Табачный дым свивался в тихоокеанские облака и серел морской пеной, фигуры в углах трактира сплетались в смерчеподобные столбики и вновь расплетались. Одна из фигур неясно вырисовывалась на другом конце стола, она казалась скорее реальной, чем привидевшейся, и матрос понял, что за столом был кто-то еще, молодой морской офицер.
– А я наймусь, – сказал морской офицер, которого звали Кеес ван дер Вейде. – Мне предложили быть помощником капитана. Они действительно хорошо платят – кто бы они ни были, и потом, я знаю это судно. Выглядит не очень презентабельно, конечно, но может еще полвека проскрипеть, а то и больше.
– Смелый вы человек, – покачал всклокоченной седой головой матрос и долил себе рома из кувшина. – На такой риск идти – все равно что билеты в рай покупать.
– Ага, вы тоже знаете эту историю! – подмигнул ему ван дер Вейде.
– Какую историю? – спросил пехотный офицер, по-аптекарски прищурившийся, поскольку отмерял в это время очередную дозу портвейна в свой стакан.

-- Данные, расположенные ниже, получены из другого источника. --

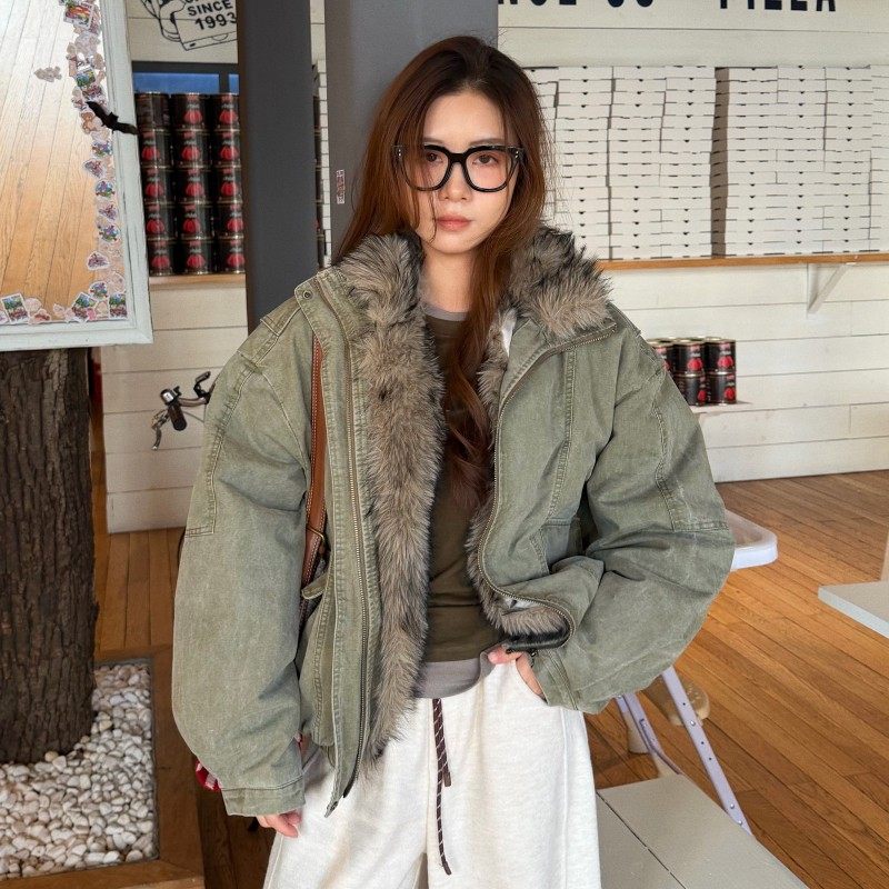 New 复古做旧重工可拆卸毛毛领羽绒夹克秋冬外套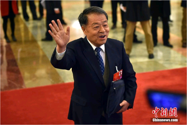 交通运输部部长杨传堂通过“部长通道”时与记者打招呼并接受采访。中新社记者 金硕 摄
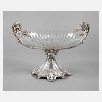 um 1900, Deckel unleserlich gepunzt, wohl Czechoslowakei, verziert mit Lorbeerlaub, Korpus aus fein geschliffenem Kristallglas, Tablett wohl England, gestempelt ”Sterling 54160”, ... ”patented dec. 23.1919”, dieses etwas gedellt, D 23 cm, G der beiden Silberteile ca. 299 g.
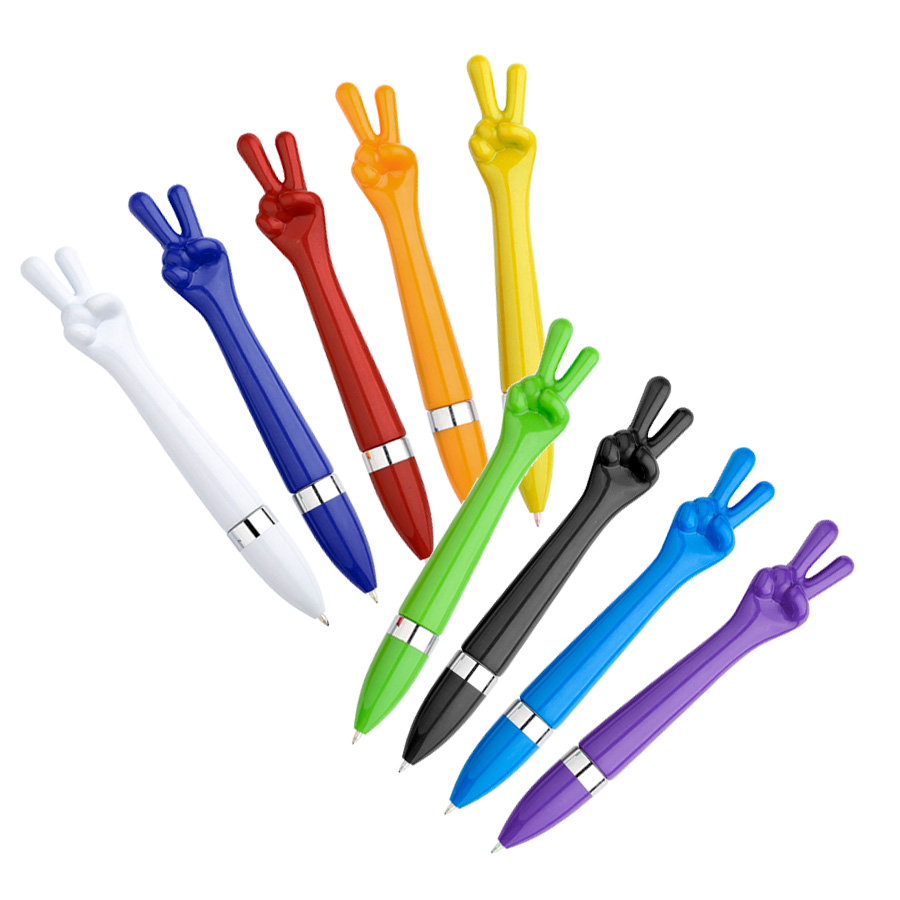 Bolígrafo plástico «Paz y Amor». Escritura Azul.

– Сейчас расскажу. Занятная, между прочим, история, – начал ван дер Вейде. – Произошла она много лет назад, когда у нас здесь неподалеку был большой монастырь. Так вот, прибегает как-то раз молодой монах брат Амвросий к настоятелю Бонифацию и испуганно шепчет ему прямо в сморщенное, как смоква, ухо: "Отец мой, в соседней деревне один беглый монашек продает билеты в рай". Удивленный настоятель, чуть не поперхнувшись мозельским вином, говорит: "В самом деле? И почем?" – "За сумму, равную церковной подати", – отвечает брат Амвросий, нервно запустив пальцы в остатки своей русой шевелюры. "И у них находятся деньги и для него, и для нас?" – спрашивает настоятель. "Выходит, что так, отец мой". Настоятель, в свою очередь почесав тонзуру, хмыкает: "Но ведь эти деньги мимо нас идут! Нельзя ли приобщить хоть часть из них к нашим доходам?… Я хочу поговорить с этим монашком!" Кадык юного брата Амвросия начинает гулять по тонкой цыплячьей шее: "Да ведь он святотатец, отец мой!" Отец-настоятель, догрызая каплуна, нравоучительно говорит: "Церковь учит использовать ошибки неразумных сынов своих для вящего своего блага". Ну так вот, монашек был изловлен в каком-то крестьянском доме и приведен. При нем обнаружили грязные засаленные бумажки с таким текстом: "Мы, божьей милостью архиепископ Утрехтский, сим подтверждаем, что податель сего – здесь следовал пропуск в тексте – искупил все грехи бытия земного и удостоен нашего благословения. А посему мы не видим препятствий, дабы впустить его, не чиня препятствий, в Царство Божие". Подписаны бумажки были "Смиренный Фредерик, архиепископ Утрехтский".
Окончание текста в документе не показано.